Exercise aim: The response must be the exact lines from the one that contains "Ирина Прохорова —" through the end of the material, with no pictures and no additional lines.

Given data:
________________________

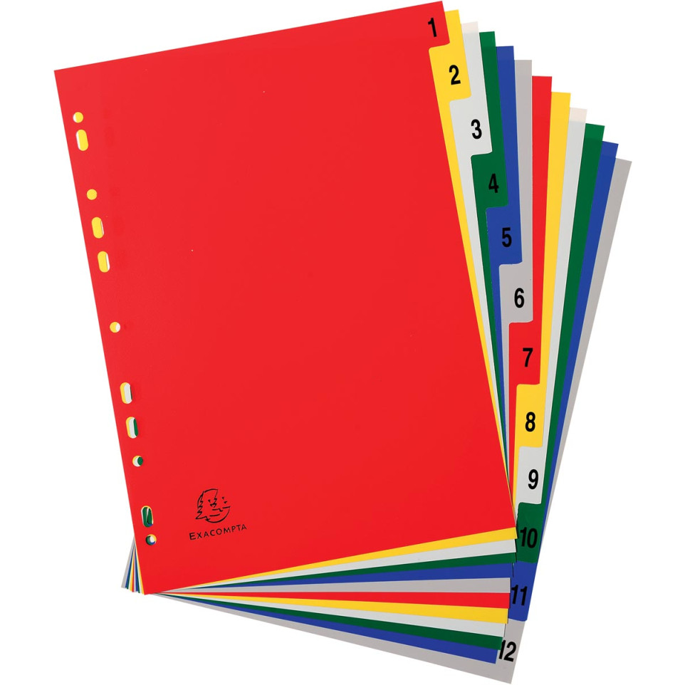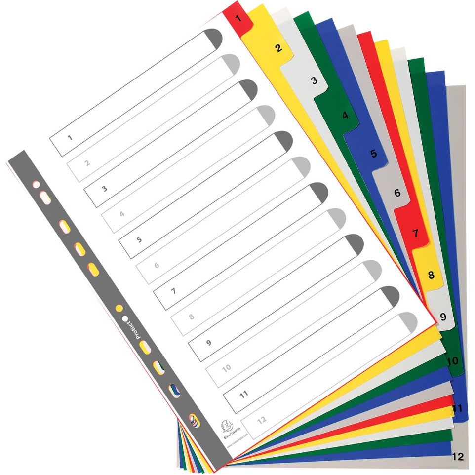 Intercalaires numériques Exacompta pour documents au format A4, composés de 12 onglets colorés. Conviennent à l’organisation rapide de dossiers, rapports ou archives en environnement scolaire, professionnel ou administratif.
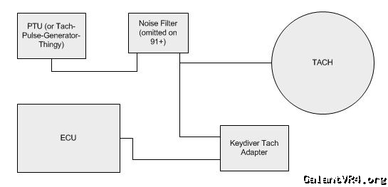 IS the signal output by the 1990 dedicated tach pulse thing DIFFERENT than the signal output by the 1991+ PTU? It looks like I could connect the white tech pulse wire in my 90 harness (pin 109) directly to the white wire on a 91+ PTU, remove the noise filter on the firewall, and a 91+ ecu would read it fine, because that's the way a 91+ harness would work.
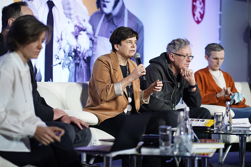 Ирина Прохорова — соучредитель Фонда Прохорова, модератор дискуссии, олицетворяет силы добра и порядка.
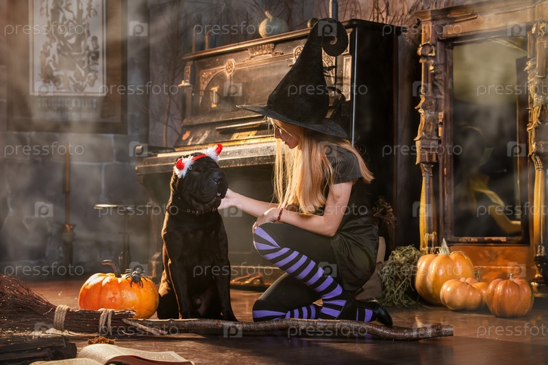 Девочка-подросток в костюме ведьмы и игривая черная собака шарпей сидят рядом с метлой и тыквами, вокруг дым и таинственная атмосфера Хэллоуина

________________________

Task answer:
 Ирина Прохорова — соучредитель Фонда Прохорова, модератор дискуссии, олицетворяет силы добра и порядка.
 Девочка-подросток в костюме ведьмы и игривая черная собака шарпей сидят рядом с метлой и тыквами, вокруг дым и таинственная атмосфера Хэллоуина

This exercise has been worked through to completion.